Dyer was called to appear before the Hunter Commission, a commission of inquiry into the massacre that was ordered to convene by Secretary of State for India Edwin Montagu, in late 1919. Dyer admitted before the commission that he came to know about the meeting at the Jallianwala Bagh at 12:40 hours that day but took no steps to prevent it. He stated that he had gone to the Bagh with the deliberate intention of opening fire if he found a crowd assembled there.
- "I think it quite possible that I could have dispersed the crowd without firing but they would have come back again and laughed, and I would have made, what I consider, a fool of myself." — Dyer's response to the Hunter Commission Enquiry.
Dyer said he would have used his machine guns if he could have got them into the enclosure, but these were mounted on armoured cars. He said he did not stop firing when the crowd began to disperse because he thought it was his duty to keep firing until the crowd dispersed, and that a little firing would do no good. In fact he continued the firing till he ran out of ammunition.
He confessed that he did not take any steps to tend to the wounded after the firing. "Certainly not. It was not my job. Hospitals were open and they could have gone there," was his response.
Udham Singh
On March, 13, 1940, at Caxton Hall in London, Udham Singh, an Indian revolutionary from Sunam who had witnessed the events in Amritsar and was himself wounded, shot and killed Michael O'Dwyer, the British Lieutenant-Governor of Punjab at the time of the massacre, who had approved Dyer's action and was believed to be the chief planner. (Dyer himself had died in 1927.)

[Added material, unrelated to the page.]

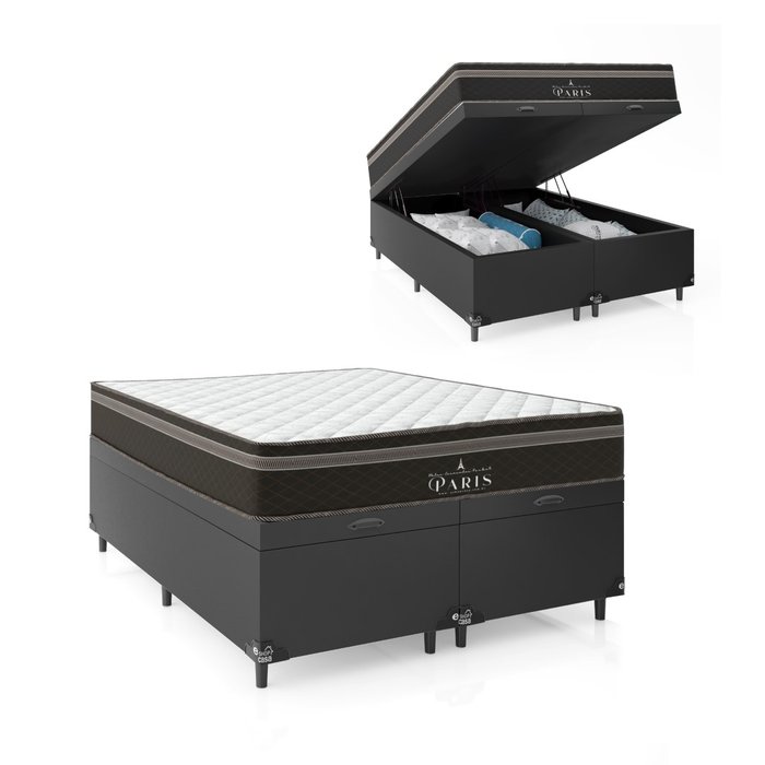 Cama Box Casal com Baú Bipartido + Colchão Paris Molas Ensacadas Pocket - e-Shop Casa

Singh had told the court at his trial:
- "I did it because I had a grudge against him. He deserved it. He was the real culprit. He wanted to crush the spirit of my people, so I have crushed him. For full 21 years, I have been trying to wreak vengeance. I am happy that I have done the job. I am not scared of death. I am dying for my country. I have seen my people starving in India under the British rule. I have protested against this, it was my duty. What a greater honour could be bestowed on me than death for the sake of my motherland?"
Singh was hanged for the murder on July 31, 1940. At that time, many, including Jawaharlal Nehru and Mahatma Gandhi, condemned the action of Udham as senseless. However, in 1952, Nehru (by then, Prime Minister) honored Udham Singh with the following statement which had appeared in the daily Partap: "I salute Shaheed-i-Azam Udham Singh with reverence who had kissed the noose so that we may be free." Following this recognition by the Prime Minister, Udham Singh received the title of Shaheed, a name given to someone who has attained martyrdom or done something heroic in the name of their country or religion.